Jean-Michel Basquiat’s Untitled (The Black Athlete) (1982), which failed to sell last time it was up for auction in 2004, sold at Sotheby’s London for £4.1million during October auction week. This was a disappointing result for an artist whose auction record is $48.8million and even more so considering it didn’t even reach the high estimate of £4.5million. But it does nothing to dent the enigma of Basquiat, which has hardly been questioned for three decades.

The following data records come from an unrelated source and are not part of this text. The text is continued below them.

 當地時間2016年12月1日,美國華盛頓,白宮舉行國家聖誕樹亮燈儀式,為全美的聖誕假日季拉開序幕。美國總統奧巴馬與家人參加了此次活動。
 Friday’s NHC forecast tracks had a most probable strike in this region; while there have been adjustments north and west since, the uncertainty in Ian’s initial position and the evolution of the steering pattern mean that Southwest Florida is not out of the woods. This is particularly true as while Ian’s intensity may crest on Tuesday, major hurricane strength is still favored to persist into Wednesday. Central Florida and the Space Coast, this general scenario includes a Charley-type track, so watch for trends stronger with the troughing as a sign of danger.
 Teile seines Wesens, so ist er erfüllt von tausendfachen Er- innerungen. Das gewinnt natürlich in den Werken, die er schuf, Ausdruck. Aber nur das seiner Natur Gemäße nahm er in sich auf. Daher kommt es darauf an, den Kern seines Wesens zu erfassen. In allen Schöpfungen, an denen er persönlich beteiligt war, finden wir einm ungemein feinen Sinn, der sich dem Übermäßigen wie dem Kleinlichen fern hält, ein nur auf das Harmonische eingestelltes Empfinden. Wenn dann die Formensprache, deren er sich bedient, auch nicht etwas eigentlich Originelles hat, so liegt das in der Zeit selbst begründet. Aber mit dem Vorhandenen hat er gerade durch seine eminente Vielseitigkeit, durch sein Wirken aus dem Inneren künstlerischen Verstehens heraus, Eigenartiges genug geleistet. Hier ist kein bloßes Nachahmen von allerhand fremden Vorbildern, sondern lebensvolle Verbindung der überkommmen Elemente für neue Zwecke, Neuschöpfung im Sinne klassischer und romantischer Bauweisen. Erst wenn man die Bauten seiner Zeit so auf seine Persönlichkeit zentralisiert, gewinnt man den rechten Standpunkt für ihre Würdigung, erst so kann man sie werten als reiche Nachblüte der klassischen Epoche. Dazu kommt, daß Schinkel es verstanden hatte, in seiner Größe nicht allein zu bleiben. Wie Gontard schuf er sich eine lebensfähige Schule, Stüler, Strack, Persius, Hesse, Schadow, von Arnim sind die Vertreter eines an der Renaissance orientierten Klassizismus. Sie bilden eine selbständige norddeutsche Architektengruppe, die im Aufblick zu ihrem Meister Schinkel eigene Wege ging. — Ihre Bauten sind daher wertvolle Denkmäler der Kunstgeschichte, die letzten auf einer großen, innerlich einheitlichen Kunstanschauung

To put the figure in perspective, £4.1million is enough to employ 197 NHS nurses for a year or to run a small car for 2634 years. I am the last person to say art is a senseless waste of money, but these figures demand an explanation, since the experience of a Basquiat pales in comparison to that of a Twombly or a Doig. Given the choice, I’d rather have 197 nurses than a Basquiat, but might just exchange 197 nurses for a Twombly if my mother and sister could be spared. Perhaps the sick are in need of something so spiritual and reverentially exuberant as a Twombly to quell the nausea of waiting lists, A&E closures and piecemeal privatisation.

The perennial question that dare not speak its name on pain of heresy is this: what, precisely, is it about Basquiat that inspires such adoration and extravagance? He is coveted and revered in equal measure, inspiring manic bidding wars in salerooms and acres of hyperbole at cocktail parties. If you look at that painting and think soberly about it, forgetting everything that everyone – especially art dealers and rich people – has ever said about Basquiat, you should have something of an epiphany. Surely nobody enjoys looking at a Basquiat, just like nobody enjoys looking at an Oscar Murillo.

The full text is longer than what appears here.